Dividing time between parents
The Family Law Act 1975 (Cth) provides for parties to enter into parenting orders. Parenting orders are a written legally binding document issued by the Federal Circuit and Family Court of Australia which provides orders about parenting arrangements that each party must comply with.
How can I obtain a parenting order?
Parenting orders can be obtained either by consent between the parties, where the parties agree on a set of orders, or by a Judge handing down orders where the parties do not agree. Parties that agree to parenting orders are often not required to attend the court in person as the orders can be made in the chambers of the court. The benefit of this is that parties avoid the expense, delay and stress of having to attend the court and move through the court process.
Legal advice should be sought from an experienced family law solicitor before filing any application in court. There are also a number of support groups, including Relationships Australia and Dads in Distress.
What types of issues can a parenting order cover?
A parenting order (sometimes referred to as child custody orders) can cover the issues of parental responsibility (who makes and how they make decisions about the child), who the child lives with, what time the child spends with the parties, how the parties can communicate with each other about the child and other matters that may be relevant to the child. Section 60CA of the Family Law Act 1975 (Cth) provides that the best interests of the child are the paramount consideration when making a parenting order.
Parenting orders may also include ancillary matters, such as preventing children from being removed to overseas jurisdictions. This is done by placing the name of the children onto the Australian Federal Police Airport Watch List.

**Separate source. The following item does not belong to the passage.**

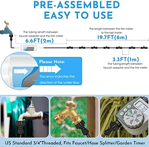 EASY TO INSTALL - This misting system is completely pre-assembled, our US standard 3/4" adapter widely adapted to garden connectors, outdoor faucets, hose diverter, etc. Just connect it to the faucet and it works. Accessories and user manuals available, your misting ideas can be realized in just a few minutes.

Can't we just agree informally?
Parenting orders create a legally binding order that parties must adhere to. In circumstances where there are no parenting orders, the Family Law Act 1975 (Cth) presumes that both parents have parental responsibility for the child and thereby both parents hold equal power to make decisions about the child. Thereby a stalemate can easily arise when parents disagree about issues surrounding the child. Children may be unilaterally withheld from the other parent and, in the absence of enforceable orders, there will be no legal recourse to enforce the return of the child, save for commencing litigation. For this reason, we usually advise against reliance on informal agreements such as parenting plans.